▶ Exercise instructions
Before anything else, drop the pictures; then return exactly the lines from the top of the listing through the line with "равенство (5), получим".

▶ Input material
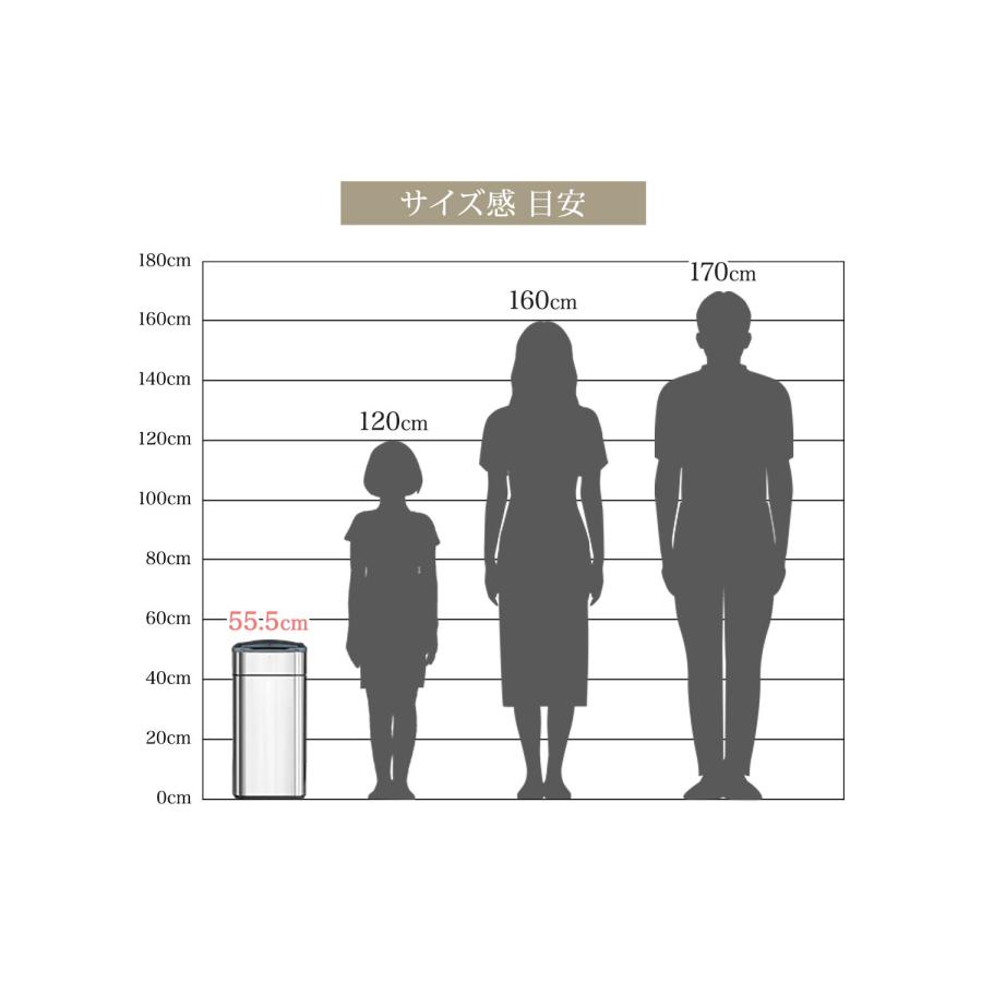 ごみ箱本体の高さは約55.5cm、キッチンカウンター下やリビングで使いやすいサイズと容量です。
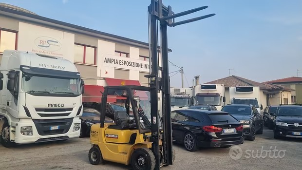 Vendo carrello elevatore diesel Caterpillar modello DP25K. Portata 2.500 kg. Anno 2001. Ore di lavoro 4.700. Montante muletto duplex altezza massima di sollevamento metri 3,80. Motore Mitsubishi 4 cilindri a gasolio. Prezzo netto i.e.. Per info 339 1952234 339 5814237.
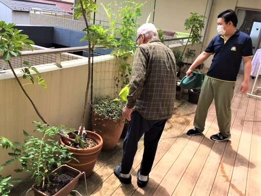 ウッドデッキの植物さん達に水をやる事が出来ました!
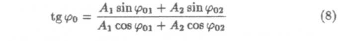 — формула амплитуды результирующего колебания. Поделив равенство (6) на равенство (5), получим
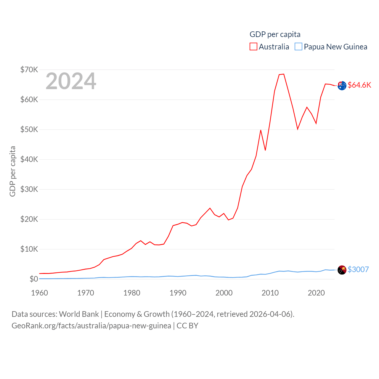 By GDP, Australia ranks 14/197 ($1.76T) and Papua New Guinea ranks 110/197 ($31.8B). By GDP per capita, Australia ranks 14/197 ($64,604), while Papua New Guinea ranks 140/197 ($3,007).
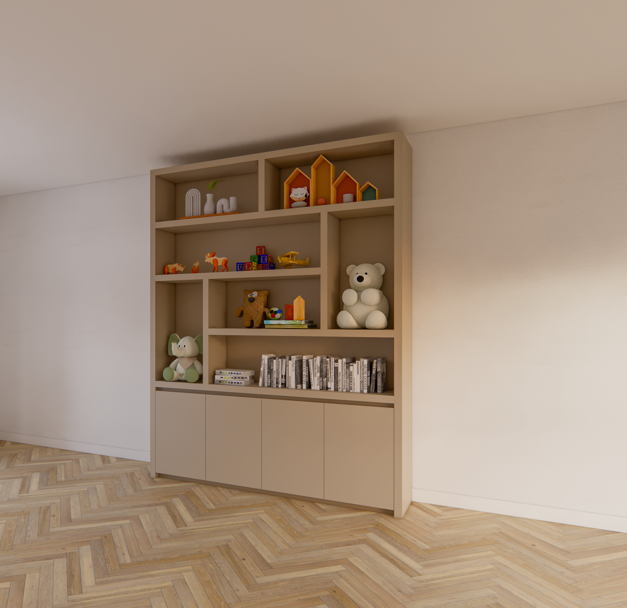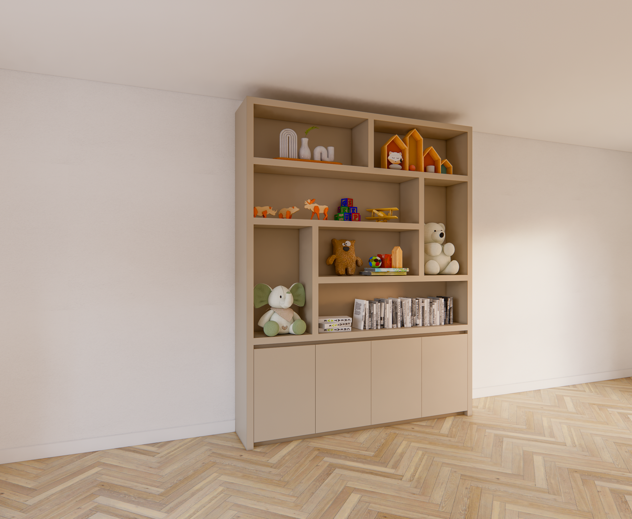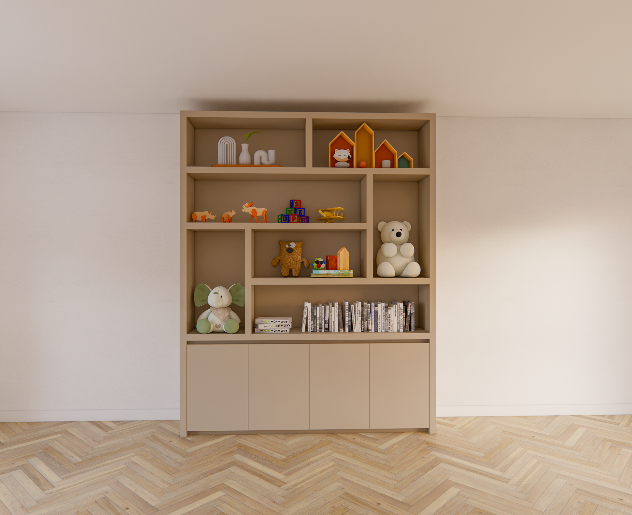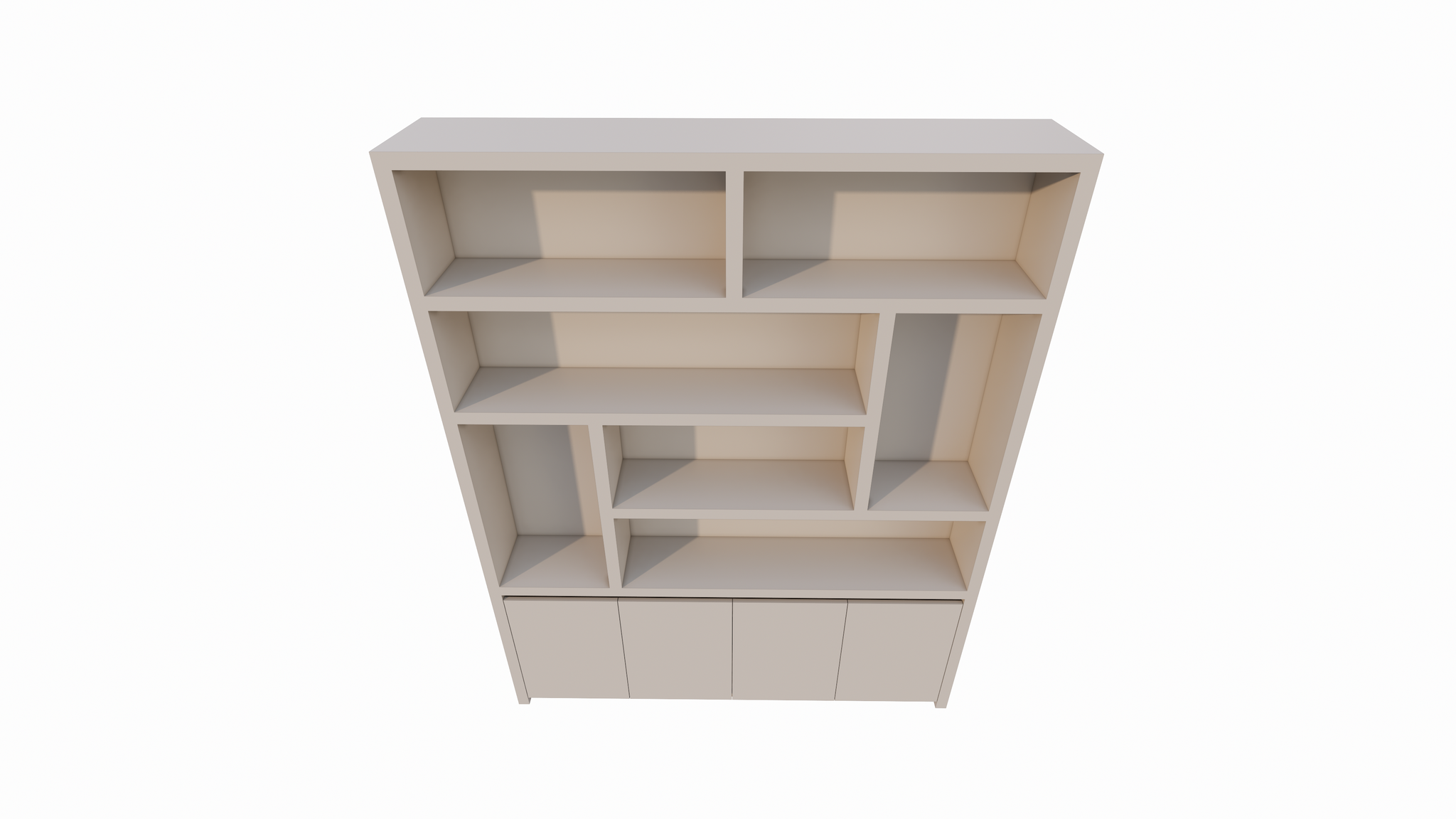 Der untere Teil des Schranks besteht aus einem geschlossenen Bereich mit vier grifflosen Türen. Dank der Push-to-Open-Funktion behält der Schrank sein klares und minimalistisches Aussehen, ohne sichtbare Griffe. Der Schrank ruht auf einem subtilen, schwebenden Untergestell, das einen eleganten und luftigen Effekt erzeugt und den Schrank optisch vom Boden abheben lässt. Dieses Detail unterstreicht den modernen Charakter des Designs.

▶ Written solution
 ごみ箱本体の高さは約55.5cm、キッチンカウンター下やリビングで使いやすいサイズと容量です。
 Vendo carrello elevatore diesel Caterpillar modello DP25K. Portata 2.500 kg. Anno 2001. Ore di lavoro 4.700. Montante muletto duplex altezza massima di sollevamento metri 3,80. Motore Mitsubishi 4 cilindri a gasolio. Prezzo netto i.e.. Per info 339 1952234 339 5814237.
 ウッドデッキの植物さん達に水をやる事が出来ました!
 — формула амплитуды результирующего колебания. Поделив равенство (6) на равенство (5), получим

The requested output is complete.